Pour une PME québécoise qui désire exporter ses biens ou services, commencer par les provinces et territoires du Canada plutôt que par les autres pays semble être le parcours logique à suivre. Pourtant, plusieurs obstacles peuvent rendre ce chemin ardu.

Anie Rouleau, fondatrice et propriétaire de l’entreprise montréalaise The Unscented Company, est chanceuse. Quand est venu le temps d’exporter ses produits corporels et ménagers au pays, peu d’obstacles ont parsemé sa route. « Le gouvernement valorise énormément le hors-Québec. Une petite entreprise comme la mienne a accès à du financement et à des subventions pour l’aider et faciliter les choses », révèle-t-elle.
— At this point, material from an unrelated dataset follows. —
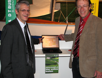 Dornbirn (VLK) - Ergänzend zum persönlichen und telefonischen Service der Mobilitätsanbieter und der Gemeinden wird die Bus- und Bahn-Service-Seite im Internet www.vmobil.at in den nächsten Monaten konsequent zum Vorarlberger Mobilitätsportal ausgebaut. Denn wer gut unterwegs sein will, braucht die richtigen Informationen dazu – rund um die Uhr, rasch verfügbar und ortsunabhängig. Der Geschäftsführer des Verkehrsverbunds Vorarlberg, Christian Österle und Vorarlberg MOBIL-Projektleiter Martin Scheuermaier gaben heute, Freitag, in der Halle 7 der Dornbirner Frühjahrsmesse die Details dazu bekannt.
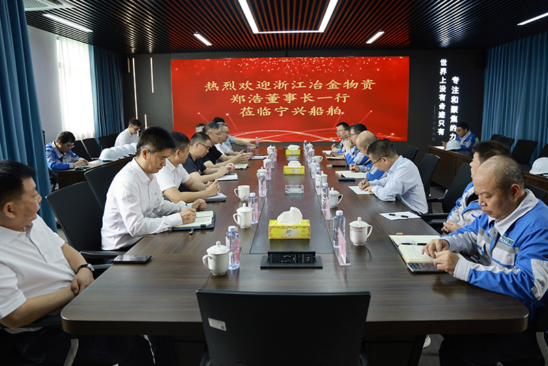 6月12日,冶金物資黨委書記、董事長(zhǎng)鄭浩帶隊(duì)前往舟山寧興船舶修造有限公司進(jìn)行實(shí)地調(diào)研。寧興船舶董事長(zhǎng)王文彤、總經(jīng)理江創(chuàng)宏等熱情接待,并陪同參觀交流。

Exporter ne se fait pas sans frais ni sans paperasse, mais l’entrepreneure n’a que de bons mots pour l’exportation interprovinciale.

La réglementation est la même, c’est plus facile pour voyager, on a la même devise… On est quand même de la même famille !

Anie Rouleau, fondatrice et propriétaire de l’entreprise montréalaise The Unscented Company

Ce conte de fées n’est cependant pas le même pour tous les entrepreneurs. En effet, certains secteurs d’activité se heurtent à des obstacles qui rendent l’exportation interprovinciale difficile, voire impossible. « En agriculture, c’est difficile parce que tu as les réglementations fédérales et provinciales. Pour les produits alcoolisés aussi c’est difficile, parce que toutes les réglementations provinciales sont différentes, en plus des monopoles dans les provinces », explique Jasmin Guénette, vice-président aux affaires nationales pour la Fédération canadienne de l’entreprise indépendante (FCEI).

PHOTO MARTIN CHAMBERLAND, ARCHIVES LA PRESSE

Jessica Harnois

La sommelière et entrepreneure Jessica Harnois corrobore ces informations. Non, ce n’est pas facile d’exporter sa gamme de vins Bù au Canada. « Il faut suivre un processus qui est propre à chaque province et plusieurs règles diffèrent. Il faut parfois embouteiller sur place ou directement dans le pays d’origine », explique-t-elle.

Si elle a réussi à franchir tous les obstacles pour la région Atlantique, il lui reste encore certaines provinces à conquérir. « En Ontario, les acheteurs de la LCBO peuvent avoir à faire un appel d’offres avant de lister un produit. On doit soumettre des échantillons en dégustation pour espérer être sélectionné. Même chose en Colombie-Britannique avec le BC Liquor Stores. C’est différent en Alberta parce que ce sont des indépendants, le gouvernement n’est pas impliqué. »

Vers une reconnaissance mutuelle

Malgré l’entrée en vigueur de l’Accord de libre-échange canadien (ALEC) en juillet 2017, de nombreux obstacles nuisent encore au commerce interprovincial. Selon Jasmin Guénette, on devrait favoriser la croissance de notre commerce intérieur en adoptant une politique de reconnaissance mutuelle. « Si un produit est sécuritaire pour être vendu dans une province, ça devrait être possible de vendre ce produit-là dans les autres provinces du pays sans faire d’autres modifications au produit ou sans être soumis à d’autres règlementations », clame-t-il.

Cette politique de reconnaissance mutuelle permettrait à de nombreux producteurs de fromages, microbrasseries, microdistilleries et autres petites et moyennes entreprises du secteur agroalimentaire de distribuer plus facilement leurs produits partout au pays. Jasmin Guénette souligne que cette politique faciliterait aussi la mobilité de la main-d’œuvre parce que les diplômes et l’expérience seraient reconnus d’une province à l’autre. « Tout ce qui manque, c’est du leadership politique », affirme-t-il.